Supplied data:
════════
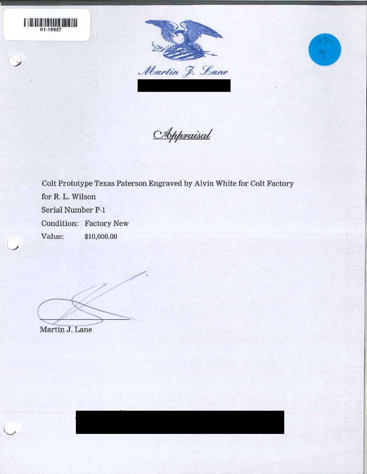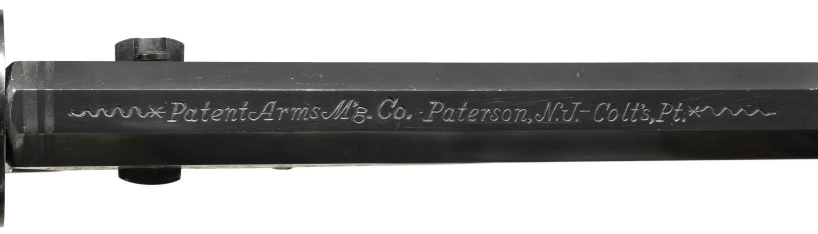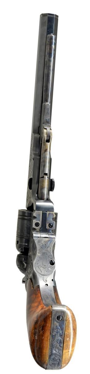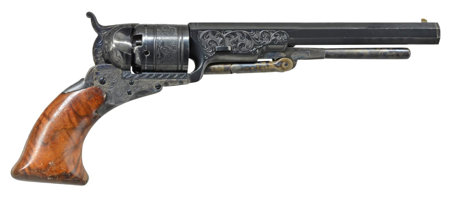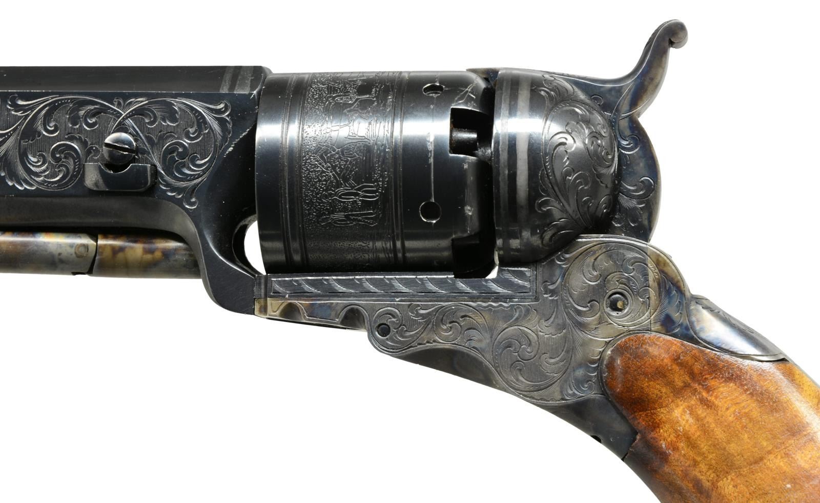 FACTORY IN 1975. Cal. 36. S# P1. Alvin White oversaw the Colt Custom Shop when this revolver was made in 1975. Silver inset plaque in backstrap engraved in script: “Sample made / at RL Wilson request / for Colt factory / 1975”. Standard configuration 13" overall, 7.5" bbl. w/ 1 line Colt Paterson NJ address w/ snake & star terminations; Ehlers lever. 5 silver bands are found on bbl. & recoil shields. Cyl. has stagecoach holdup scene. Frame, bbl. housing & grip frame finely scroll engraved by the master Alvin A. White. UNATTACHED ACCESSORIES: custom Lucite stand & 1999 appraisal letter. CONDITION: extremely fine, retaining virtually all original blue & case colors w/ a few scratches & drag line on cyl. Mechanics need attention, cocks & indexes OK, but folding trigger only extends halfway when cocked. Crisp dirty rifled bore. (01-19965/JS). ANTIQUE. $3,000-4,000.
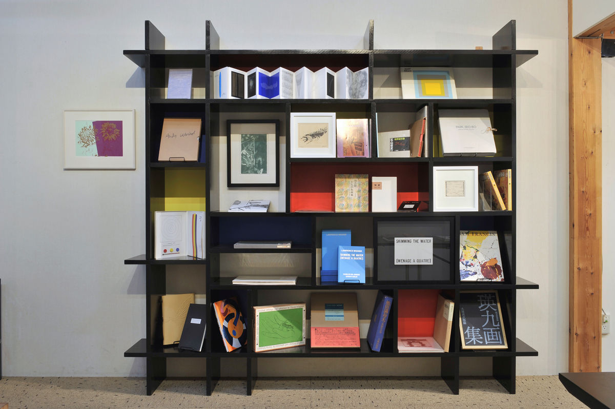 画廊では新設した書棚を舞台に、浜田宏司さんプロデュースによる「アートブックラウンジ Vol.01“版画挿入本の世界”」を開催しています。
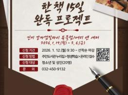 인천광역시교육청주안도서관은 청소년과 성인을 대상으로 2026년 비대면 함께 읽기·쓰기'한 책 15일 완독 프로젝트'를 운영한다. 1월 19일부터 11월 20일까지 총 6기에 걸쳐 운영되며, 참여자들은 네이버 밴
════════
Action item: Each line from the one containing "画廊では新設した書棚を舞台に" through the last line of the listing is to be given again exactly, with no pictures and no other lines.

Problem solution:
 画廊では新設した書棚を舞台に、浜田宏司さんプロデュースによる「アートブックラウンジ Vol.01“版画挿入本の世界”」を開催しています。
 인천광역시교육청주안도서관은 청소년과 성인을 대상으로 2026년 비대면 함께 읽기·쓰기'한 책 15일 완독 프로젝트'를 운영한다. 1월 19일부터 11월 20일까지 총 6기에 걸쳐 운영되며, 참여자들은 네이버 밴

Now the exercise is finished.